All references to "Inphi," "we," "us" or "our" mean Inphi Corporation.

Inphi®, iMB™ and the Inphi logo are trademarks or service marks owned by Inphi. All other trademarks, service marks and trade names appearing in this report are the property of their respective owners.

Overview

Our Company

We are a fabless provider of high-speed analog and mixed signal semiconductor solutions for the communications, datacenter and computing markets. Our semiconductor solutions provide high signal integrity at leading-edge data speeds while reducing system power consumption. Our semiconductor solutions are designed to address bandwidth bottlenecks in networks, maximize throughput and minimize latency in computing environments and enable the rollout of next generation communications, datacenter and computing infrastructures. Our solutions provide a vital high-speed interface between analog signals and digital information in high-performance systems such as telecommunications transport systems, enterprise networking equipment, datacenters and enterprise servers, storage platforms, test and measurement equipment and military systems. We provide 40G and 100G high-speed analog semiconductor solutions for the communications market and high-speed memory interface solutions for the computing market.

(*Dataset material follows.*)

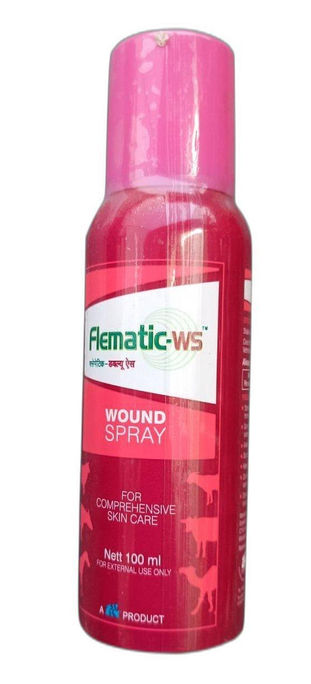 Flematic WS Wound Spray is a comprehensive skin care product for small and large animals, used to treat various skin conditions, including deep-seated wounds, maggoted wounds, dermatomycosis, mange, and infestations.

We have a broad product portfolio with over 170 products as of March 31, 2013, including our 100 GbE CMOS SerDes architecture, or iPHY, which is designed to enable the development of next generation low power and high port density 100 Gigabit Ethernet, or 100 GbE, solutions to address bandwidth bottlenecks in next generation data center and communications infrastructures.

In the first quarter of 2013, we introduced the second generation 100G CMOS SerDes gearbox integrated circuit, or GB IC, for data center, enterprise and service provider line cards. The new GB IC with Tri-rate™ foundation is designed to enable seamless support of 10G, 40G and 100G Ethernet and optical transport network on a single line card.

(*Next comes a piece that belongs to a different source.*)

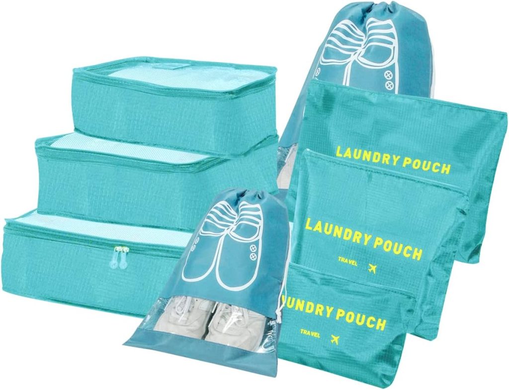 BillyBath Organisateur de valise, sacs à vêtements de voyage, 8 en 1, ensemble d’organisateur de valise, sacs de voyage, pour vêtements, chaussures, sous-vêtements cosmétiques (bleu clair) – Le détail qui change tout au quotidien
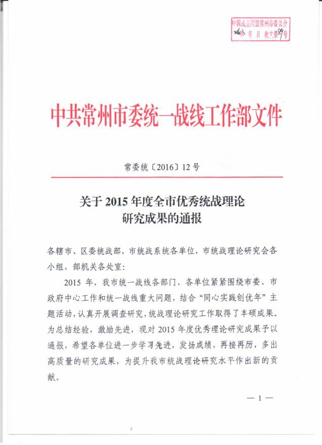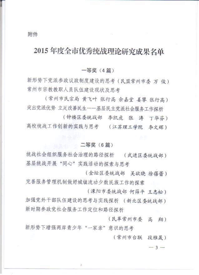 近期,市委统战部、市统战理论研究会对2015年度全市统战系统完成的40余篇理论研究成果进行了评比,其中盟市委递交的课题报告《新形势下加强党派参政议政制度建设的思考》被评为一等奖。 该课题报告由盟市委宣传调研处副处长万俊执笔,通过问卷调查的形式,调查了解当前民主党派成员参与参政议政工作的主要障碍和顾虑,并征集了如何加强和完善党派参政议政制度的相关建议。在课题报告中,运用了大量图表和数据,直观地显示了当前参政议政工作中存在的问题和困境,并阐述了在新形势下进一步加强党派参政议政制度建设的紧迫性和必要性。课题报告的最后,结合了具体工作中的可操作性和针对性,从人才制度、经费制度、交流制度、嘉奖制度、宣传制度五个方面,提出了具体的对策建议。 此外,盟市委组织处李长江参与撰写的《协商民主视角下,人民政协与社会组织关系分析》在此次评比中被评为三等奖。(文:万俊、朱岱君)

A detailed discussion of our business may be found in Part I, Item 1, "Business," of our 2012 Annual Report on Form 10-K.


Table of Contents

Quarterly Update

As discussed in more detail below, for the three months ended March 31, 2013 compared to the three months ended March 31, 2012, we delivered the following financial performance:

• Total revenues increased by $2.4 million, or 12%, to $22.6 million.

• Gross profit as a percentage of revenue was consistent at 63%.

• Total operating expenses increased by $2.9 million, or 18%, to $18.7 million.

• Income from operations decreased by $1.4 million, or 46%, to a loss of $4.4 million.

• Diluted earnings per share decreased by $0.22, to $(0.27).

The increase in our revenue was a result of increase in consumption of our dual, differential linear TIA and iPHY 100Gbe CMOS CDR and gearbox products. In addition, the increase in revenue was due to a provision for estimated settlement of a warranty claim with a customer that was several years old which reduced our revenues in the three months ended March 31, 2012.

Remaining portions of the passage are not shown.